Informacoes sobre ordens
| Nome do Produto | Numero de Catalogo | UNID | Preco | Qde | FAVORITOS | |
cathepsin D Plasmídeo duplo de Nickase (m) | sc-419875-NIC | 20 µg | $410.00 | |||
cathepsin D Plasmídeo duplo de Nickase (m2) | sc-419875-NIC-2 | 20 µg | $410.00 |
O gene Ctsd de camundongo codifica a catepsina D, uma endopeptidase aspártica lisossomal que medeia a proteólise global e seletiva de cargas endocitadas e autofágicas após sua entrega ao sistema endo-lisossomal. Ao regular a renovação de proteínas, a biogênese de lisossomos e o processamento de antígenos, a catepsina D influencia programas de homeostase celular ligados ao fluxo autofagia–lisossomo, ao tráfego endossomal e às respostas ao estresse. Alterações na atividade ou na expressão de CTSD têm sido associadas à neurodegeneração e a fenótipos de armazenamento lisossomal, bem como à biologia tumoral por meio de efeitos na remodelação da matriz extracelular e na sinalização de sobrevivência no microambiente. Assim, Ctsd é amplamente utilizado como um nó mecanístico para estudar disfunção lisossomal, colapso da proteostase e sinalização inflamatória em modelos murinos.

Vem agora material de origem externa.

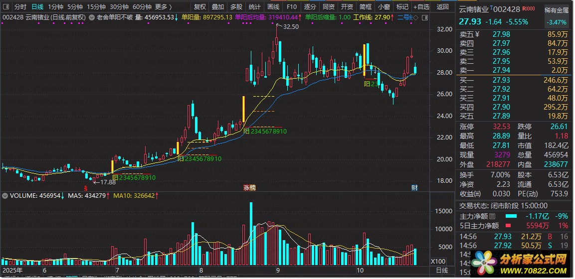 - 定义“单阳”为涨幅超5%且成交量倍增的K线,自动标记为青色柱体。
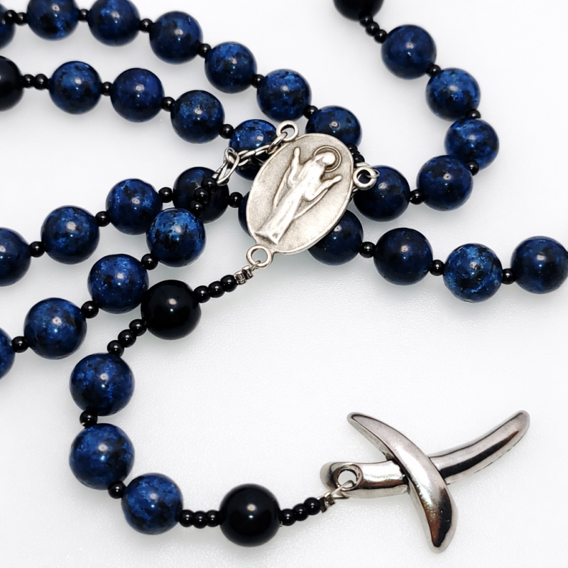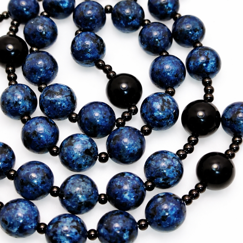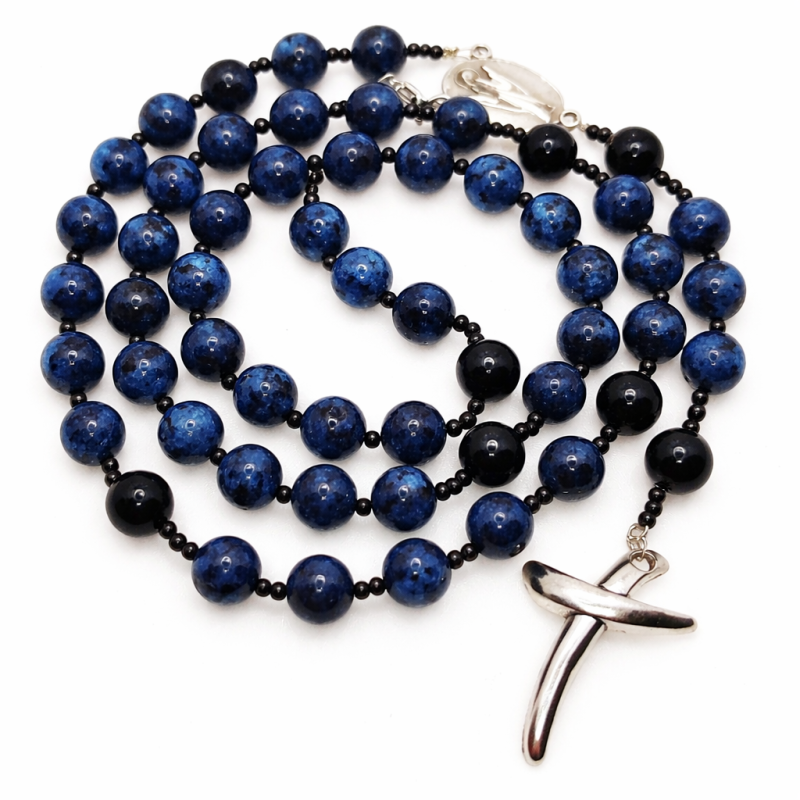 Elegantan spoj neba i zemlje koji daje snagu i ljepotu s našom Velikom krunicom izrađenom od prirodnog poludragog kamena Plavog Jaspisa i Oniksa s perlama promjera čak 10mm. Ova jedinstvena krunica kombinira duhovno značenje s estetskom privlačnošću, idealna je za osobnu molitvu i kao dar za dragu osobu.

cathepsin D O Plasmídeo de Nickase Dupla (m) consiste num par de plasmídeos combinados, concebidos para a edição de alta especificidade do locus Ctsd em linhas celulares mouse. Cada plasmídeo expressa uma nickase Cas9 D10A e um sgRNA distinto que tem como alvo cadeias de ADN opostas dentro de Ctsd. Quando direcionadas para locais adjacentes em cadeias de ADN opostas, as duas nickases geram cortes deslocados numa única cadeia que, em conjunto, produzem uma quebra escalonada de cadeia dupla, exigindo uma atividade coordenada no alvo por parte de ambas as guias. A quebra de ADN resultante é resolvida por vias de reparação celular endógenas, mais frequentemente através da junção de extremidades não homólogas (NHEJ), levando a inserções ou deleções que perturbam a função Ctsd. Ao exigir o envolvimento de dois sgRNA no locus alvo, a abordagem de dupla nickase aumenta a especificidade da edição e fornece uma estratégia CRISPR complementar para aplicações em que se deseja um controlo adicional sobre a precisão do direcionamento.

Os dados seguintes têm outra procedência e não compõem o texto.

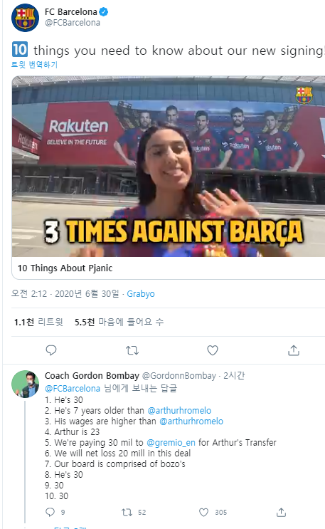 이 팬은 " 우리는 아르투르 영입에 이적료를 냈다. 우리는 이번 트레이드로 이적료 손해를 봤다. 우리 보드진은 멍청이다. 그는 30살이다. 30살! 30살이라고!!!"라고 조목조목 이번 영입을 비판했다.

Para apoiar a identificação eficiente das células editadas, um plasmídeo codifica GFP para visualização fluorescente das populações transfectadas, enquanto o plasmídeo complementar transporta um gene de resistência à puromicina para seleção antibiótica. Em conjunto, estas características apoiam o enriquecimento eficiente das populações co-transfectadas e simplificam a validação dos clones com Ctsd interrompido.
Apenas para uso em investigação. Não se destina a uso diagnóstico ou terapêutico.